Gold prices rose further on Monday as the dollar eased to its lowest in nearly two weeks after U.S. President Donald Trump criticized the Federal Reserve’s interest rate tightening policy.
Spot gold was up 0.2 percent at $1,234.24 an ounce at 0045 GMT, after rising 0.7 percent in the previous session.
U.S. gold futures for August delivery were 0.3 percent higher at $1,234.20 an ounce.
The dollar index, which measures the greenback against a basket of six major currencies, was down 0.2 percent at 94.252. It fell to its weakest since July 11 earlier in the session.
Trump on Friday dug in on his criticism of the Federal Reserve’s policy on raising interest rates, saying it takes away from the United States’ “big competitive edge.”
Trump on Friday said he was ready to impose tariffs on all $500 billion of imported goods from China, threatening to escalate a clash over trade policy that has unnerved financial markets.

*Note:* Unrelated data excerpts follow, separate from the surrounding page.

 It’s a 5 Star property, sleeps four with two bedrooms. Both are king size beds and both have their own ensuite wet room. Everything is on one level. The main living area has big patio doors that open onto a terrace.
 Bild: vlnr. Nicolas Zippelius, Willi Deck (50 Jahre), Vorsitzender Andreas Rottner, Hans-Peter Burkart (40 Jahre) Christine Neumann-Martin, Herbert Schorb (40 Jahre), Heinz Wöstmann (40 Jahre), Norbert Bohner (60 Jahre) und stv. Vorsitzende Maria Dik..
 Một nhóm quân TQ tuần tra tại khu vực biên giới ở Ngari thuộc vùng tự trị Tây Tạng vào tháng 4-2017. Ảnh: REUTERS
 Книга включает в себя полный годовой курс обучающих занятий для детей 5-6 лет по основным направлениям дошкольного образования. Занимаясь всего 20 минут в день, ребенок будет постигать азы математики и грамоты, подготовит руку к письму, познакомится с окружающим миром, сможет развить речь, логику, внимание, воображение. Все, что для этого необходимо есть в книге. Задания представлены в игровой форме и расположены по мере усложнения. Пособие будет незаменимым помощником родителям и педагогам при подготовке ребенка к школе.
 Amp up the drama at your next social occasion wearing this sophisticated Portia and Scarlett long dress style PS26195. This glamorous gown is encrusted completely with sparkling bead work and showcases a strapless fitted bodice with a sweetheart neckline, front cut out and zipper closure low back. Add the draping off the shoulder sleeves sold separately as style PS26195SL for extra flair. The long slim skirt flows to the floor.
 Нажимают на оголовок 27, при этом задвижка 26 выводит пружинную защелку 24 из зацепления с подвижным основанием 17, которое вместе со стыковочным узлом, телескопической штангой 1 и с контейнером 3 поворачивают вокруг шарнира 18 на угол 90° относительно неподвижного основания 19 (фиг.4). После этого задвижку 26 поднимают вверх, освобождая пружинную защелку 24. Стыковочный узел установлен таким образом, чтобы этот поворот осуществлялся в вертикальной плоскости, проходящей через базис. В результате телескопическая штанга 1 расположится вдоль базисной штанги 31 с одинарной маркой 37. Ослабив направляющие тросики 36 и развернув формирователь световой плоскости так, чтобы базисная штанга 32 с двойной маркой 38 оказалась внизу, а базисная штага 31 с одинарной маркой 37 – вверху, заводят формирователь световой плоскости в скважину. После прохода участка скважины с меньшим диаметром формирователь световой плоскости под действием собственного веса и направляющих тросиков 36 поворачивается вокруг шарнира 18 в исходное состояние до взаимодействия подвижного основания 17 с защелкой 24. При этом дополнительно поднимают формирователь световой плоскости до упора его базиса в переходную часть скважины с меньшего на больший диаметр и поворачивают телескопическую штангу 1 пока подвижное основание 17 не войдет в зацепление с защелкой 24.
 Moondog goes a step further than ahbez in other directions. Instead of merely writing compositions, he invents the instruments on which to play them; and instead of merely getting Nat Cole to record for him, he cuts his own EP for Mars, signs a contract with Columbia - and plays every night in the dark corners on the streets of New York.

A policy debate in China on how best to address slowing growth deepened on Friday, as analysts urged authorities to boost fiscal stimulus amid rising risks to the world’s second-biggest economy from a bitter trade conflict with the United States.
Global finance leaders called on Sunday for stepped-up dialogue to prevent trade and geopolitical tensions from hurting growth, but ended a two-day G20 meeting with little consensus on how to resolve multiple disputes over U.S. tariff actions.
The Bank of Japan, facing stubbornly low inflation, is in unusually active discussions before this month’s policy decision, with changes to its interest-rate targets and stock-buying techniques on the table, people familiar with the central bank’s thinking told Reuters.
Japanese government bond prices fell sharply on Monday, with the benchmark 10-year yield hitting its highest level in nearly six months, following reports that the Bank of Japan is actively discussing changes to its policies.
Iranian President Hassan Rouhani on Sunday cautioned Trump about pursuing hostile policies against Tehran, saying “war with Iran is the mother of all wars”, but did not rule out peace between the two countries.
A drop in prices spurred some interest for physical gold in major Asian hubs last week, but failed to stoke significant demand in India as buyers awaited bigger dips.
Hedge funds and money managers switched to a net short position in COMEX gold contracts for the first time since 2016 in the week to July 17, U.S. Commodity Futures Trading Commission (CFTC) data showed on Friday.